I casually studied my nails, picking the dirt from my stunt fall out from under them. “I’m not one to toot my own horn, but I am far more dangerous to you than you could ever be to me. There are only a handful of EMs in the world who are powerful and skilled enough to deactivate an EV.” I glanced at her, then stretched my fingers in front of me, admiring how clean I had gotten them. “You just made the supremely poor decision to attack one of them. I’m also one of the most respected elders in the community, in spite of being the youngest of them by almost ten years. Any EM or EV with a basic knowledge of our community knows my name and what I can do. That’s why Prince wisely bowed out of a confrontation when he realized which Mya was speaking to him.”
She gulped as she turned my words over in her mind. “What do you mean by ‘deactivate’?”
“I mean stripping you of your power, a process you would not survive. Quite frankly, with your bad attitude, I’m surprised you haven’t stepped on the toes of one of us and been deactivated already.”
“I didn’t feel like I was going to die.”
“I didn’t deactivate you. I grounded you to teach you a lesson.”

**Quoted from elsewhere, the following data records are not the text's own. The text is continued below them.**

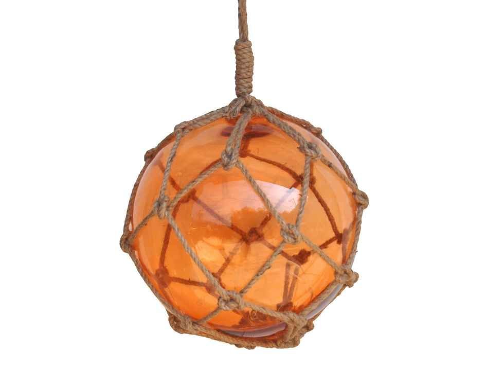 This Amber Japanese Glass Ball Fishing Float With Brown Netting Decoration 12" is a perfect piece of beach wall art. Gorgeous whether in your home or office, enjoy the charming inner warmth of this buoy float as lights play through the amber glass ball. Perfectly contrasting the glass float is the authentic fishing rope netting which holds the float in place. Mesmerizing and enchanting, enjoy the historic wonder and brilliant style of this nautical glass float each and every day.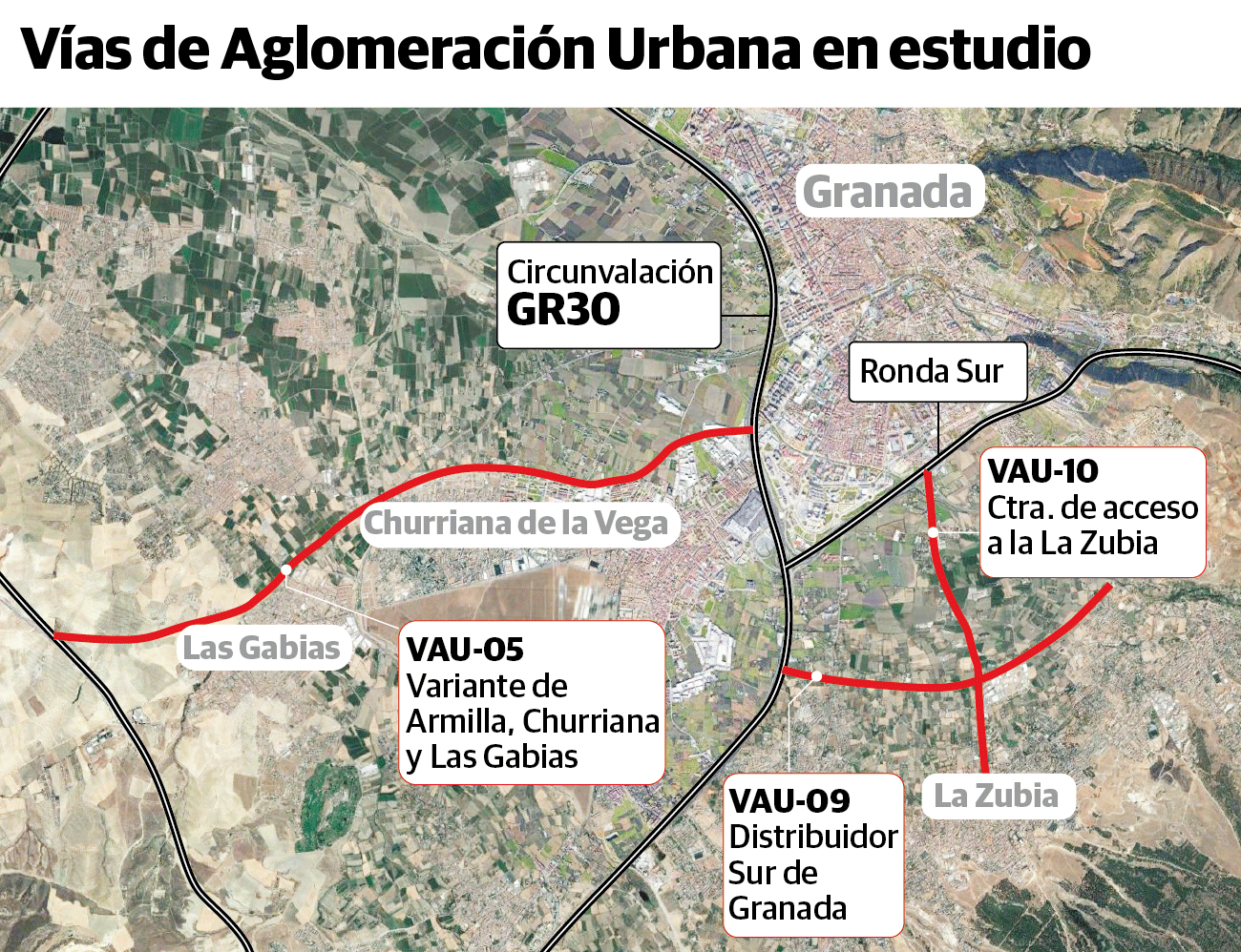 Ya se ha adjudicado el proyecto de la VAU-5, que conectaría estos municipios con la A-44 y la GR-30, siendo un eje de unión entre las dos autovías. En breve se licitará la VAU-9, que será un vial verde con franja de masa forestal, carril ciclopeatonal y bus VAO para beneficiar el transporte público. Por último, se está redactando el proyecto para la conexión de la carretera de la Diputación hasta La Zubia, la VAU-10. Se prevé una plataforma reservada para bus y dará continuación al carril bici. Su presupuesto ronda los 2,5 millones de euros. De este modo, la administración autonómica ha 'rescatado' algunos de los viales que se proyectaron en el Potaug de 1999, un documento concebido para ordenar el crecimiento delCinturón que contemplaba 11 carreteras de alta intensidad. Solo se construyó una, el distribuidor norte que enlaza Almanjáyar con la entrada a Jun. Varios grupos ecologistas se han opuesto, en los últimos años, a este tipo de proyectos que a su juicio ponen en riesgo la supervivencia de la Vega de Granada.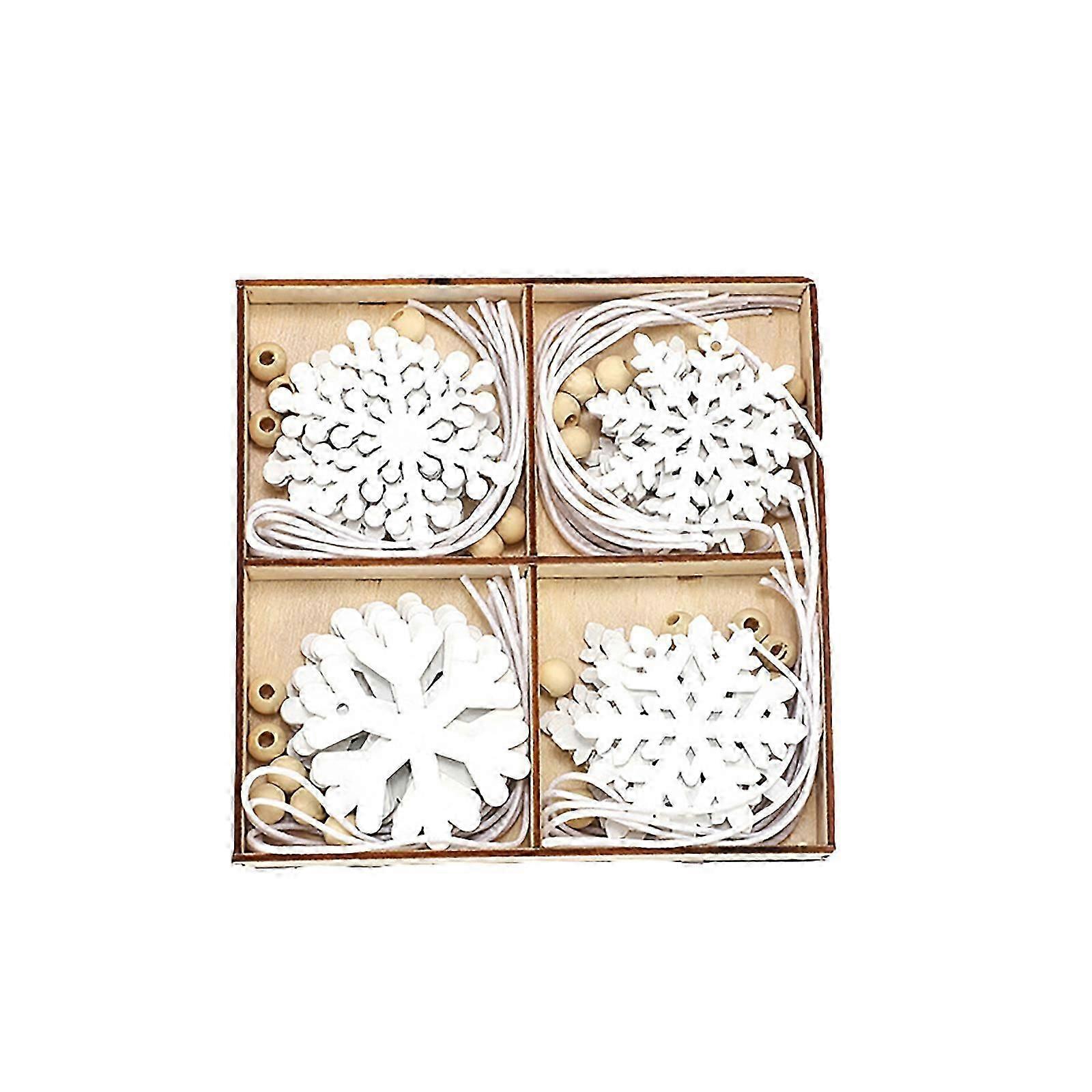 24 Pieces White Snowflakes Ornaments Wooden Snowflake Christmas Tree Ornament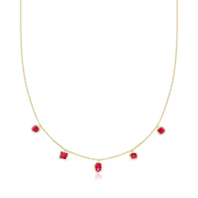 By Ross-simons Multi-shaped Lab-grown Ruby Station Necklace In 18kt Gold Vermeil
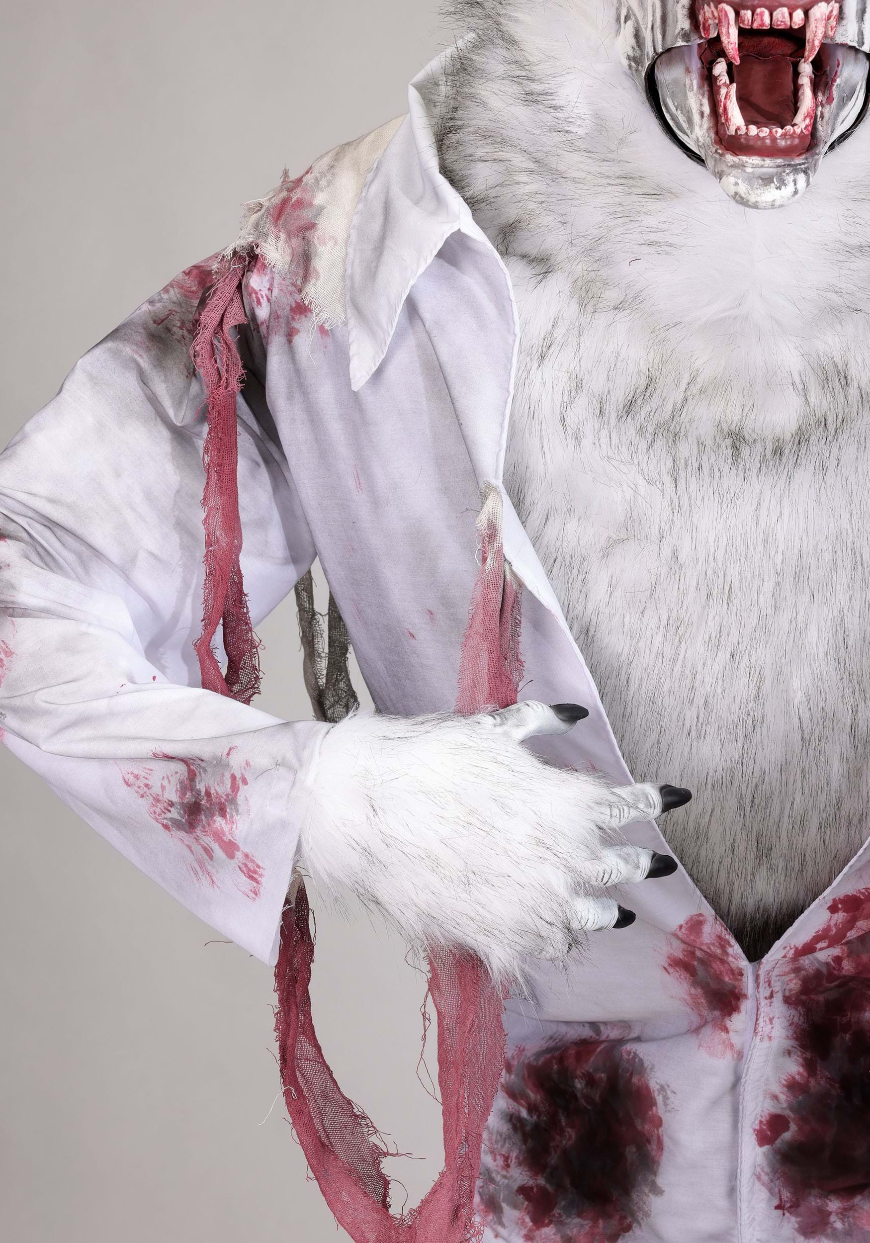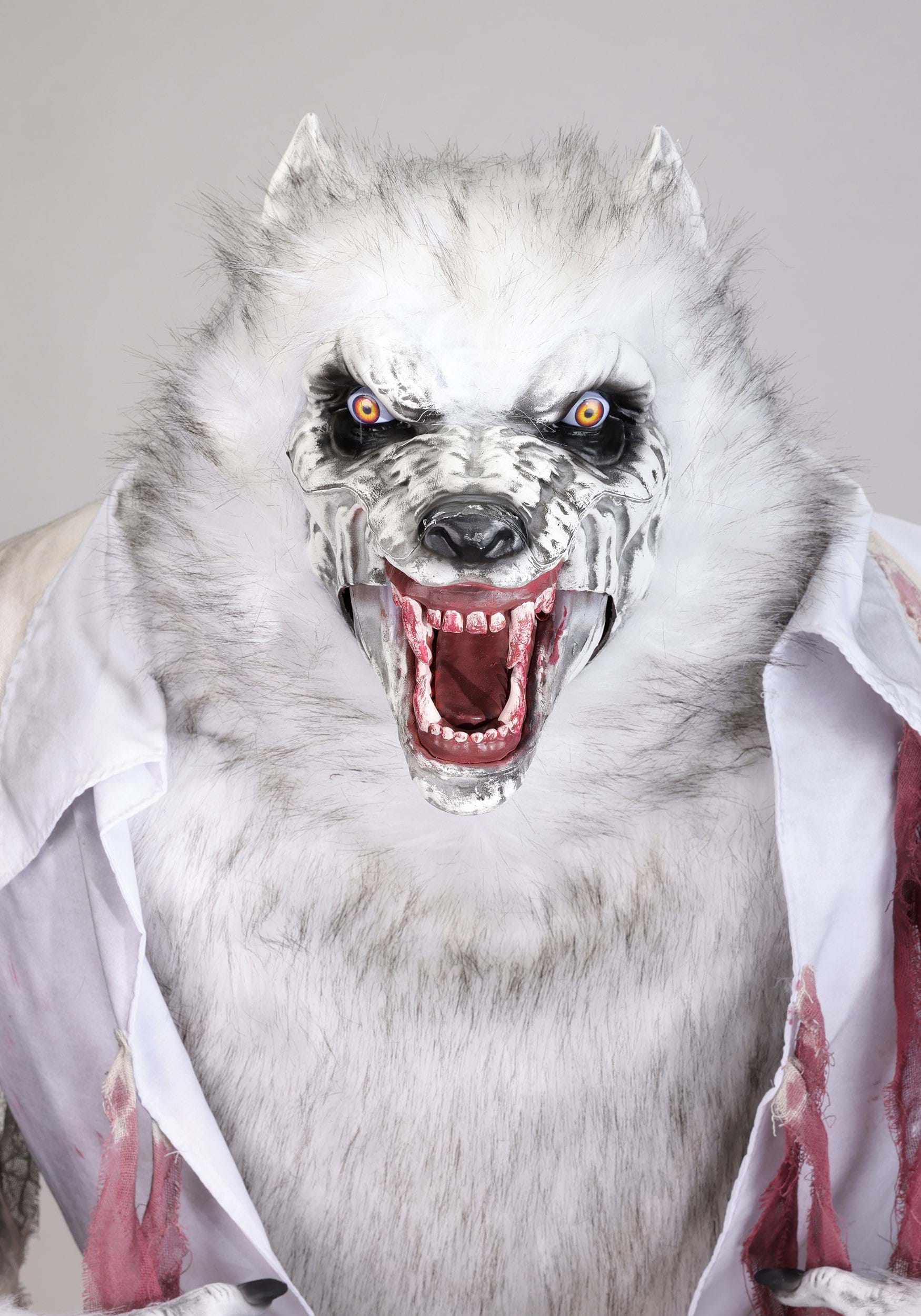 When the moon rises and shadows grow long, something sinister prowls your Halloween domain. This Howling White Werewolf Animatronic Decoration stands an imposing 7 feet tall, bringing legendary lycanthrope terror to life with spine-chilling realism. Dressed in a tattered burgundy shirt stained with ominous dark patches, this savage creature combines classic monster movie atmosphere with modern animatronic technology. Whether greeting trick-or-treaters or anchoring your haunted house experience, this werewolf commands attention with its menacing presence and bone-rattling performance.

She snorted. “You are soft.”
“Want me to finish the job?” That shut her up, so I continued. “An EV cannot survive being stripped of their power. If the physical stress doesn’t kill you, the psychological stress from being unable to absorb anyone’s energy will. That is a far more agonizing way to go. I’ve seen former EVs linger in the agony of withdrawal for decades before their bodies finally gave out.”
I stood and brushed off my hair and clothes. “You’re still relatively young, so you’ll be back to normal in a few days, a week at most. Oh, and not that I owe you an explanation, but I was in the city last week meeting with the elders to deal with those asshole EMs you told me about. I want to make sure they won’t bully you or anyone else, again. That includes Prince. We already have plans for him.” She looked deflated as she watched me. I felt as deflated as she looked. Whatever Prince had told her and her knee-jerk reaction to it had entirely ruined the trust between us. While the lack of trust would make it easier to deactivate her, should that become necessary, it had been nice to have a friend of my own kind for once. I admired her adventurous approach to life and the way it balanced my solitary, conservative one…plus she was damn cute. I rapidly redirected my thoughts away from that landmine-laced field and walked away. “You can get home on your own.”